Items listed in a dataset

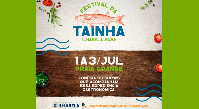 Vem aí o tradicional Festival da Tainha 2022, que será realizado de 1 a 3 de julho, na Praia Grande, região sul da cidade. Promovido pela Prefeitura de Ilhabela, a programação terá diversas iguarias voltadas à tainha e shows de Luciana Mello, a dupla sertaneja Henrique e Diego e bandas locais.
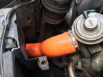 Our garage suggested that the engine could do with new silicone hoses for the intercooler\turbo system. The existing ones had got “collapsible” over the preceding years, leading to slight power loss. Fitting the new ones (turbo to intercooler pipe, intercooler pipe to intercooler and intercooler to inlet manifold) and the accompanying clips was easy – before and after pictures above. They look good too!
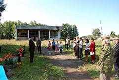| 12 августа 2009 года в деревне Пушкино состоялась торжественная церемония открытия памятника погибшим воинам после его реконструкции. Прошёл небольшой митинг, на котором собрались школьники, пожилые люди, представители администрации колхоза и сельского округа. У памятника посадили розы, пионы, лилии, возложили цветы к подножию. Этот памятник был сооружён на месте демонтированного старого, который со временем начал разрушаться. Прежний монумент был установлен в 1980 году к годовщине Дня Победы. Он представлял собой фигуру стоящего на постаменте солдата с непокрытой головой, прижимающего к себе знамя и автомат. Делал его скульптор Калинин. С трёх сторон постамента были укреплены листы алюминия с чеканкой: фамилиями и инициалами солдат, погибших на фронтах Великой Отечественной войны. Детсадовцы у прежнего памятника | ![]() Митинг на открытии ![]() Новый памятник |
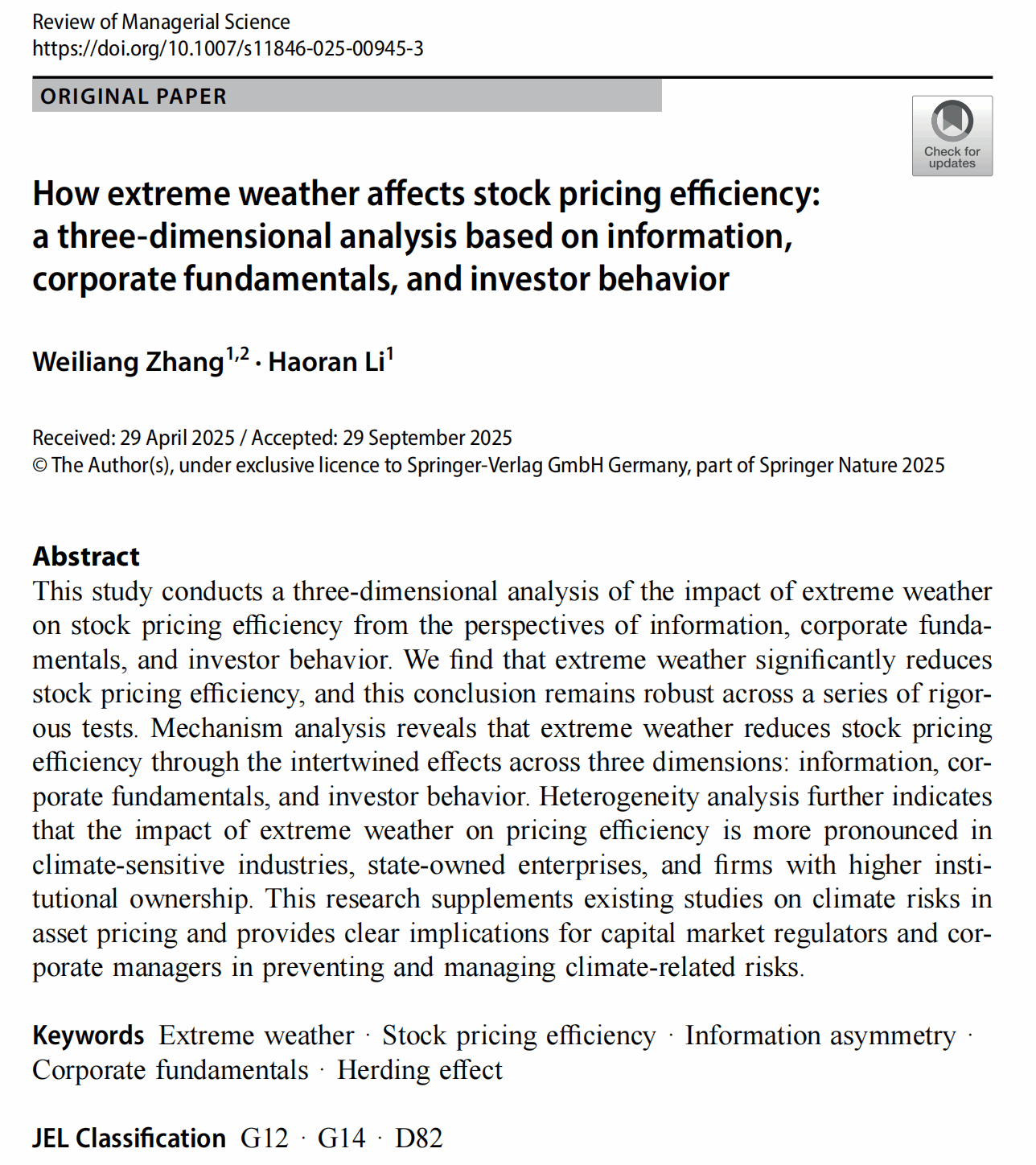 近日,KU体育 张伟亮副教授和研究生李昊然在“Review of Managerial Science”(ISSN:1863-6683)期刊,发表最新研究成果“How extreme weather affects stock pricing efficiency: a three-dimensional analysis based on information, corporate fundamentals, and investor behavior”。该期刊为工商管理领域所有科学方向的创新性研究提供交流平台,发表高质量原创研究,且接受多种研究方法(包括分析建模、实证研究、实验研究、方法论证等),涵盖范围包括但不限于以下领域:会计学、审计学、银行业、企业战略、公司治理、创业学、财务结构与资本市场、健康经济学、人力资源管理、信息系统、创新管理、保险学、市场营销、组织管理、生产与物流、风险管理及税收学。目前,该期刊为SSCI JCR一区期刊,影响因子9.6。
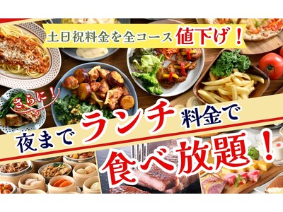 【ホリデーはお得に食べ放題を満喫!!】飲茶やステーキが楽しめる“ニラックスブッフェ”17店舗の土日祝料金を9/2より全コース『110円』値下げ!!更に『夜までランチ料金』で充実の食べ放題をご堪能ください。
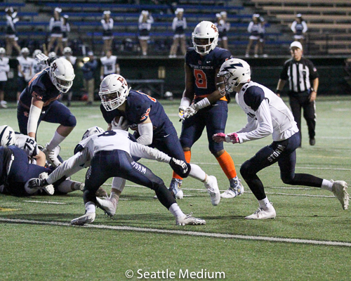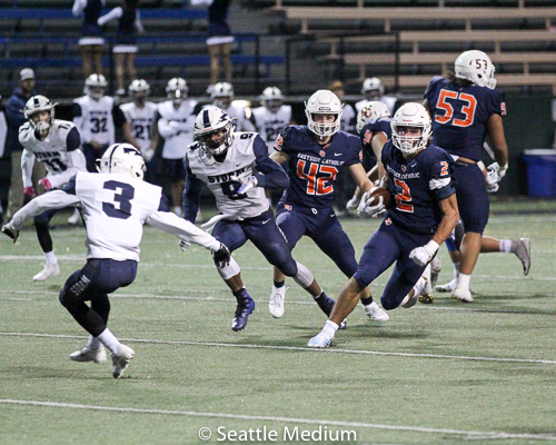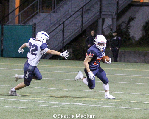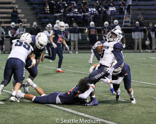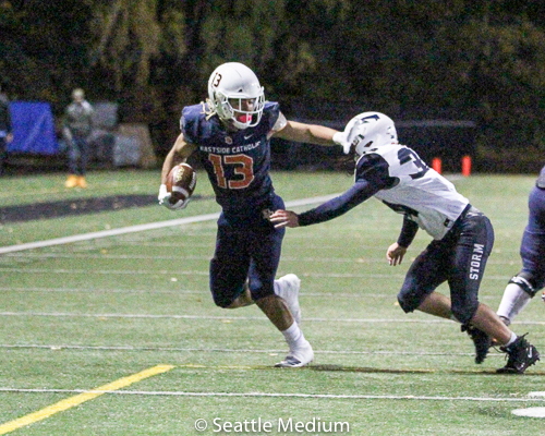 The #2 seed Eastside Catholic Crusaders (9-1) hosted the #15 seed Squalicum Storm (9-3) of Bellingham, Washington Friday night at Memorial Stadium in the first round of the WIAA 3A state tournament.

## Aim of the exercise
All of the entries need to be retyped word for word, pictures excluded.

## Task result
 Vem aí o tradicional Festival da Tainha 2022, que será realizado de 1 a 3 de julho, na Praia Grande, região sul da cidade. Promovido pela Prefeitura de Ilhabela, a programação terá diversas iguarias voltadas à tainha e shows de Luciana Mello, a dupla sertaneja Henrique e Diego e bandas locais.
 Our garage suggested that the engine could do with new silicone hoses for the intercooler\turbo system. The existing ones had got “collapsible” over the preceding years, leading to slight power loss. Fitting the new ones (turbo to intercooler pipe, intercooler pipe to intercooler and intercooler to inlet manifold) and the accompanying clips was easy – before and after pictures above. They look good too!
| 12 августа 2009 года в деревне Пушкино состоялась торжественная церемония открытия памятника погибшим воинам после его реконструкции. Прошёл небольшой митинг, на котором собрались школьники, пожилые люди, представители администрации колхоза и сельского округа. У памятника посадили розы, пионы, лилии, возложили цветы к подножию. Этот памятник был сооружён на месте демонтированного старого, который со временем начал разрушаться. Прежний монумент был установлен в 1980 году к годовщине Дня Победы. Он представлял собой фигуру стоящего на постаменте солдата с непокрытой головой, прижимающего к себе знамя и автомат. Делал его скульптор Калинин. С трёх сторон постамента были укреплены листы алюминия с чеканкой: фамилиями и инициалами солдат, погибших на фронтах Великой Отечественной войны. Детсадовцы у прежнего памятника | ![]() Митинг на открытии ![]() Новый памятник |
 近日,KU体育 张伟亮副教授和研究生李昊然在“Review of Managerial Science”(ISSN:1863-6683)期刊,发表最新研究成果“How extreme weather affects stock pricing efficiency: a three-dimensional analysis based on information, corporate fundamentals, and investor behavior”。该期刊为工商管理领域所有科学方向的创新性研究提供交流平台,发表高质量原创研究,且接受多种研究方法(包括分析建模、实证研究、实验研究、方法论证等),涵盖范围包括但不限于以下领域:会计学、审计学、银行业、企业战略、公司治理、创业学、财务结构与资本市场、健康经济学、人力资源管理、信息系统、创新管理、保险学、市场营销、组织管理、生产与物流、风险管理及税收学。目前,该期刊为SSCI JCR一区期刊,影响因子9.6。
 【ホリデーはお得に食べ放題を満喫!!】飲茶やステーキが楽しめる“ニラックスブッフェ”17店舗の土日祝料金を9/2より全コース『110円』値下げ!!更に『夜までランチ料金』で充実の食べ放題をご堪能ください。
 The #2 seed Eastside Catholic Crusaders (9-1) hosted the #15 seed Squalicum Storm (9-3) of Bellingham, Washington Friday night at Memorial Stadium in the first round of the WIAA 3A state tournament.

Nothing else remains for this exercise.